Our final stop on our journey home was Home Farm at Ryhall near Stamford. This was a family garden, which opens for the NGS. The owners were very hospitable and delighted to see visitors, and apologetic that the roses which are a major feature of the garden were past their best. We were however at the right time for the hedges of tall lavender. Their wildflower meadow was still looking nice, with a generous scattering of the white flowered version of lady’s bedstraw, and the seed heads of the grasses waving in the wind. The view out across the rolling Lincolnshire countryside was superb, but did mean that it was a windy garden, and I imagined would be tricky to manage. I walked down the hill across the field outside the gardened area, to stretch my legs after the coach journey and see the tree plantings and saw an immense quantity of rabbit droppings. The local bunny population must have managed to bounce back from the diseases affecting rabbits, and the owners must have to keep a good eye on their rabbit fences.

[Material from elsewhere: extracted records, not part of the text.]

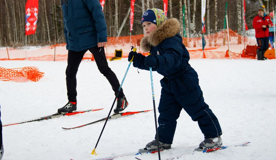 Лыжная трасса начиналась от 400 м и 1 км для дошкольников и младших школьников, до 2,5 км и 5 км - для старших школьников и старших возрастных групп.
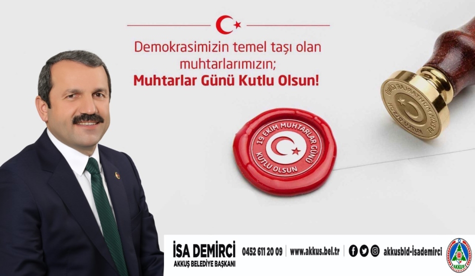 Akkuş Belediye Başkanı İsa Demirci, 19 Ekim Muhtarlar Günü dolayısıyla bir kutlama mesajı yayımladı.
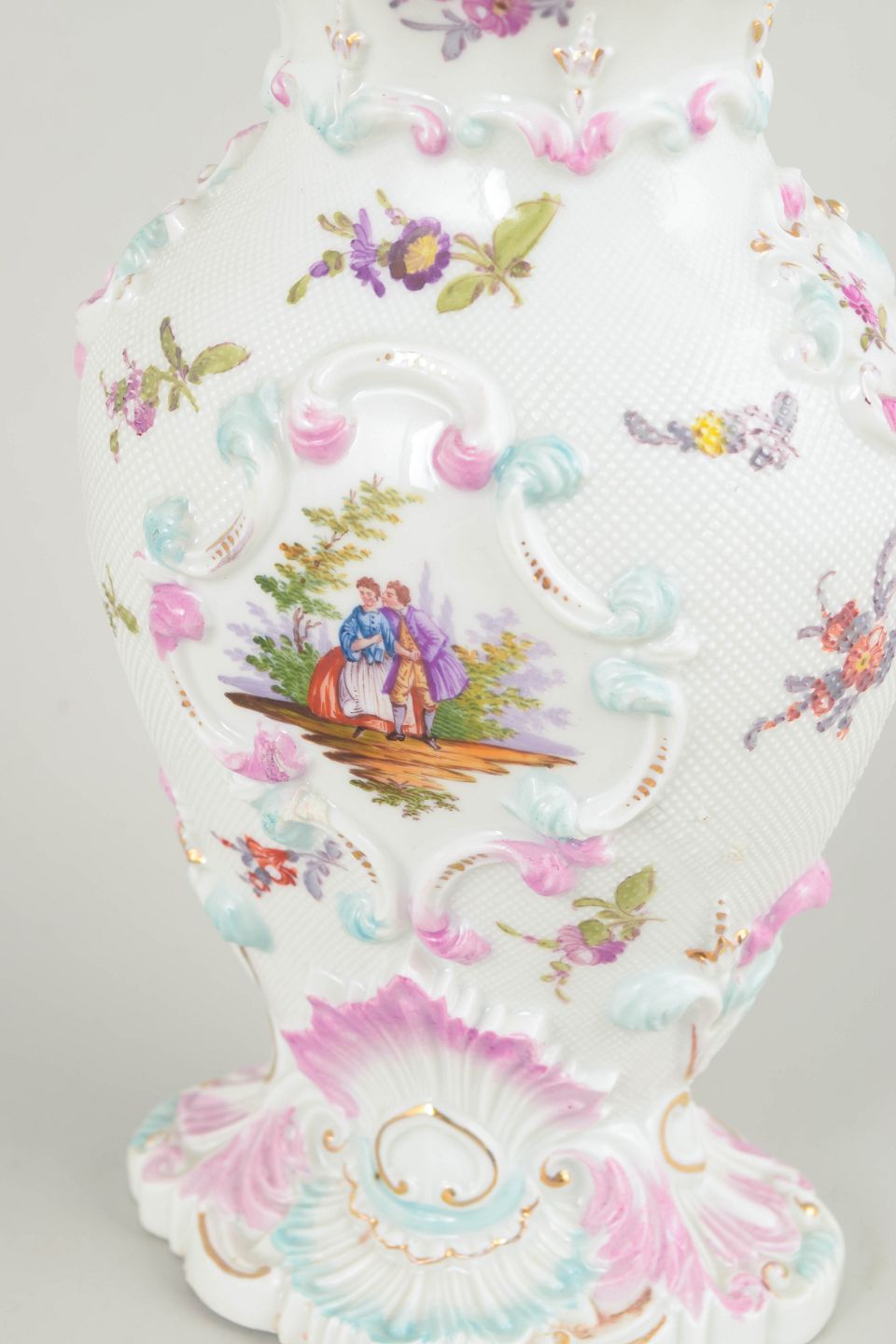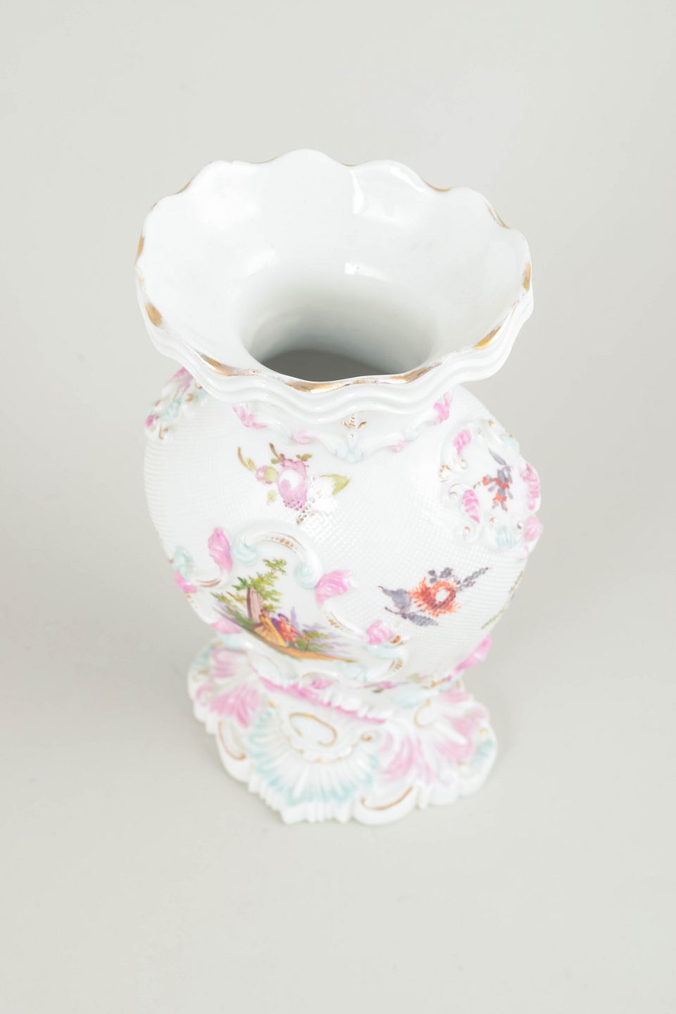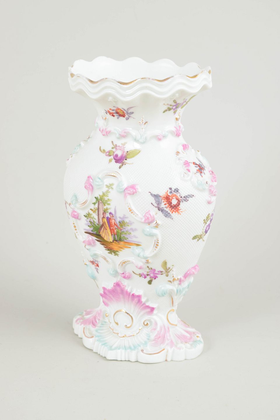 Meissen vase, early 19th century.Rare porcelain vase with rich relief modelling and hand-painted polychrome floral and landscape decoration. Shaped foot and scalloped rim. A fine example of Meissen’s decorative porcelain production from the early 19th century.

We got back to Lavenham slightly ahead of schedule, after a very satisfactory trip. I returned with my brain buzzing with ideas and questions, although I must remember when it comes to plans for my own garden that the north of England gets more rain than the Clacton coastal strip. Huge thanks are due to Erica and Maggie for organising it, and especially to poor Karen who helped with the organisation and then couldn’t go on the holiday due to Covid. Dee, our cheerful and unflappable coach driver, deserves a special mention. I am also grateful to my fellow EAGG members for being warm and inclusive to those of us like me who were travelling without a partner or companion. Finally, my thanks go to my husband who once again undertook vast amounts of watering as the south of England sweltered in a heatwave and made it possible for me to go on the trip.